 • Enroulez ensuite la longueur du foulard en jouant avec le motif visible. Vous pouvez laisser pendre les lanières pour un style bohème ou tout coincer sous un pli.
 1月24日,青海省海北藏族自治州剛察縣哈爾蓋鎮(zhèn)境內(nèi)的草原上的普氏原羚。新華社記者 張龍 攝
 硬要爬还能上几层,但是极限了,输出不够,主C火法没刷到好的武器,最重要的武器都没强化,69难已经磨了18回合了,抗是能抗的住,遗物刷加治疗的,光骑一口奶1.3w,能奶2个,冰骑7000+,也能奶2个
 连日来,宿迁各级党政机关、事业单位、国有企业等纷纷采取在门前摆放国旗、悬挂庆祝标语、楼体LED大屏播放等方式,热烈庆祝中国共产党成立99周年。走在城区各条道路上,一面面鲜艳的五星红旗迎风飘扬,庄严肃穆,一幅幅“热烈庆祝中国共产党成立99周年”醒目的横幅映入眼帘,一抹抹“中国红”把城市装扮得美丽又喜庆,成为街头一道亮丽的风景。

* * *

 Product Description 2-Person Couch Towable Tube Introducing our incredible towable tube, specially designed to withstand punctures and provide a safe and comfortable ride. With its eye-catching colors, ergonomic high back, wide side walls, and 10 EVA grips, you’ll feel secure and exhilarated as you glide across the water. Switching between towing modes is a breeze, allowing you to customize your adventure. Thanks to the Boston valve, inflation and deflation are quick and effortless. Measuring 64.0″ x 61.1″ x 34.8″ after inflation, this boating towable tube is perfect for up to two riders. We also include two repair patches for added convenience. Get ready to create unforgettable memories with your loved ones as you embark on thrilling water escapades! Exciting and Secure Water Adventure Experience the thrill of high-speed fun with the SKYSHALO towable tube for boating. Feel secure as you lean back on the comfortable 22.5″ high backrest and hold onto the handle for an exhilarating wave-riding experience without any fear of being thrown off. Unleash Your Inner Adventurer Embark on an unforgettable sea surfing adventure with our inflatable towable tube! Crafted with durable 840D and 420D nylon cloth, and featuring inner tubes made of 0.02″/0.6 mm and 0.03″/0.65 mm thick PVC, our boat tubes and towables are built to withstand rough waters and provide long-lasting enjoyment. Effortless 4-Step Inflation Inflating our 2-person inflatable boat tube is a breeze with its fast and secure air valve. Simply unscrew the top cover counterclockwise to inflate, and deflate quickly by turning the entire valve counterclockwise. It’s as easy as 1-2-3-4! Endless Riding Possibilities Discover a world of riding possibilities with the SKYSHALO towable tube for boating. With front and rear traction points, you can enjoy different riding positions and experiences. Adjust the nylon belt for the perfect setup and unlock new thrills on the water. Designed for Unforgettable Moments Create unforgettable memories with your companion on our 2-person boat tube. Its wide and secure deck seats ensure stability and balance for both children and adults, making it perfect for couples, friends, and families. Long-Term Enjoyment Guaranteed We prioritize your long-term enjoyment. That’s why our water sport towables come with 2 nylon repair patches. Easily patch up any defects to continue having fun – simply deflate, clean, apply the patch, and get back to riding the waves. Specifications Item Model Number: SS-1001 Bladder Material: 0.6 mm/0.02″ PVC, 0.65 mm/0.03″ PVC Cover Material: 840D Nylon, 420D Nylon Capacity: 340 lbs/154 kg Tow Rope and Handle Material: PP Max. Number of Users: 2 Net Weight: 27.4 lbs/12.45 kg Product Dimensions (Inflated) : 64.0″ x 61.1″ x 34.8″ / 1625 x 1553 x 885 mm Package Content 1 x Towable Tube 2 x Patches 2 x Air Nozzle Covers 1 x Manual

--

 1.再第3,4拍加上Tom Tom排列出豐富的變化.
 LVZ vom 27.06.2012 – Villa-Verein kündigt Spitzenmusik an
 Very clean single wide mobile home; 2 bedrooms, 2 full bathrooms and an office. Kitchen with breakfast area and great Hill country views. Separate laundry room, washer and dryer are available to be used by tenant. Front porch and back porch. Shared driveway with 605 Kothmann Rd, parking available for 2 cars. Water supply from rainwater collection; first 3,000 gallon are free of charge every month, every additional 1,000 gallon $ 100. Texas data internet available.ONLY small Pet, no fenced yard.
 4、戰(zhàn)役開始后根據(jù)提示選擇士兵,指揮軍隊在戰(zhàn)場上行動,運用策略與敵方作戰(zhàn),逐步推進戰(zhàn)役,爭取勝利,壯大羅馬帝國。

# PROBLEM REQUIREMENTS
Quote the listing above, but only from the line that shows "sous un pli." through the line that shows "硬要爬还能上几层,但是极限了".

# REPLY TO THE EXERCISE
 • Enroulez ensuite la longueur du foulard en jouant avec le motif visible. Vous pouvez laisser pendre les lanières pour un style bohème ou tout coincer sous un pli.
 1月24日,青海省海北藏族自治州剛察縣哈爾蓋鎮(zhèn)境內(nèi)的草原上的普氏原羚。新華社記者 張龍 攝
 硬要爬还能上几层,但是极限了,输出不够,主C火法没刷到好的武器,最重要的武器都没强化,69难已经磨了18回合了,抗是能抗的住,遗物刷加治疗的,光骑一口奶1.3w,能奶2个,冰骑7000+,也能奶2个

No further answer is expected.